SMoTherSpectre: exploiting speculative execution through port contention (1903.01843v3)

Abstract: Spectre, Meltdown, and related attacks have demonstrated that kernels, hypervisors, trusted execution environments, and browsers are prone to information disclosure through micro-architectural weaknesses. However, it remains unclear as to what extent other applications, in particular those that do not load attacker-provided code, may be impacted. It also remains unclear as to what extent these attacks are reliant on cache-based side channels. We introduce SMoTherSpectre, a speculative code-reuse attack that leverages port-contention in simultaneously multi-threaded processors (SMoTher) as a side channel to leak information from a victim process. SMoTher is a fine-grained side channel that detects contention based on a single victim instruction. To discover real-world gadgets, we describe a methodology and build a tool that locates SMoTher-gadgets in popular libraries. In an evaluation on glibc, we found hundreds of gadgets that can be used to leak information. Finally, we demonstrate proof-of-concept attacks against the OpenSSH server, creating oracles for determining four host key bits, and against an application performing encryption using the OpenSSL library, creating an oracle which can differentiate a bit of the plaintext through gadgets in libcrypto and glibc.

• The paper introduces SMoTherSpectre, revealing how port contention in SMT processors can be exploited for information leakage during speculative execution.
• It demonstrates proof-of-concept attacks on OpenSSH and OpenSSL, using precise timing to extract bits of secret data.
• The research challenges cache-centric defenses and calls for new security measures to mitigate vulnerabilities in shared processor resources.
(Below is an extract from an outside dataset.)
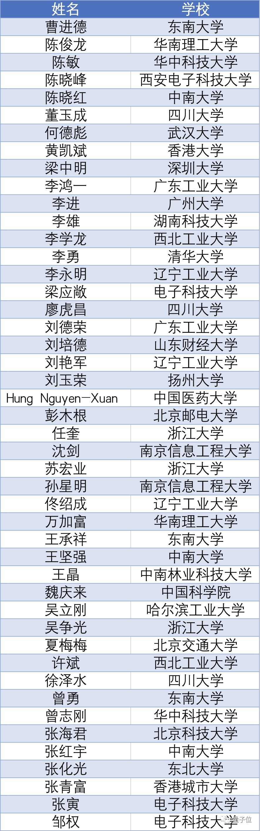 其中,东南大学、中南大学、四川大学、浙江大学、电子科技大学、辽宁工业大学各有3人入选。

Overview of SMoTherSpectre: Exploiting Speculative Execution through Port Contention

The paper, "SMoTherSpectre: Exploiting Speculative Execution through Port Contention," explores the exploitation of speculative execution, focusing on non-cache-based side channels to leak sensitive information. The authors introduce SMoTherSpectre, a speculative code-reuse attack leveraging port contention in Simultaneous MultiThreaded (SMT) processors to bypass conventional defenses. The paper provides a comprehensive characterization of the SMoTher side channel and demonstrates real-world applicability by targeting systems like OpenSSH and OpenSSL.

Key Contributions

1. SMoTher Side Channel Characterization:
   • The paper pioneers the precise characterization of port contention as a side channel. This involves accurately measuring the contention caused by simultaneous execution on shared execution units in SMT processors.
   • Through detailed experiments, the authors establish the conditions under which SMoTher-differentiability arises, allowing attackers to discern between instruction sequences based on port utilization differences.
2. SMoTherSpectre: A Novel Attack Vector:
   • SMoTherSpectre utilizes Branch Target Injection (BTI) to steer speculative execution to desired gadgets without requiring the injection of malicious code.
   • The paper underscores the attack's primary advantage: its independence from known vulnerable code paths and cache-based side channels, broadening the landscape of exploitable applications.
3. Real-world Proof-of-Concept Attacks:
   • The authors demonstrate the feasibility of SMoTherSpectre by conducting proof-of-concept attacks on OpenSSH's host key and OpenSSL's encryption context. These attacks reveal bits of secret data by timing instruction sequences through SMoTher side channels.
   • They highlight the scalability of the attack, leveraging multiple SMoTher gadgets to extract different bits of vulnerable information.

Implications and Future Directions

The paper's findings suggest that reliance on cache-centric defenses against speculative execution attacks may be insufficient in environments that support SMT. The introduction of SMoTherSpectre reveals that non-cache-based side channels, such as port contention, are viable vectors for information leakage.

Theoretically, the results encourage deeper exploration into microarchitectural subtleties that could be exploited similarly and the development of defenses that encompass these broader attack surfaces. Practically, the work advocates for heightened scrutiny of SMT's implications on security, potentially motivating revisions to CPU architecture to limit shared resource vulnerabilities.

As a forward-looking speculation, this research could prompt advancements in both side-channel analysis and secure processor design. Future developments might include architectural changes to manage execution resource allocation or intelligent scheduling to mitigate shared resource contention. The work invites further investigation into combining speculative execution vulnerabilities with other microarchitectural side channels to uncover additional layers of risk.

Overall, this paper contributes significantly to the understanding of speculative execution vulnerabilities, presenting both a novel attack methodology and a foundation for future research in securing processor architectures against complex microarchitectural threats.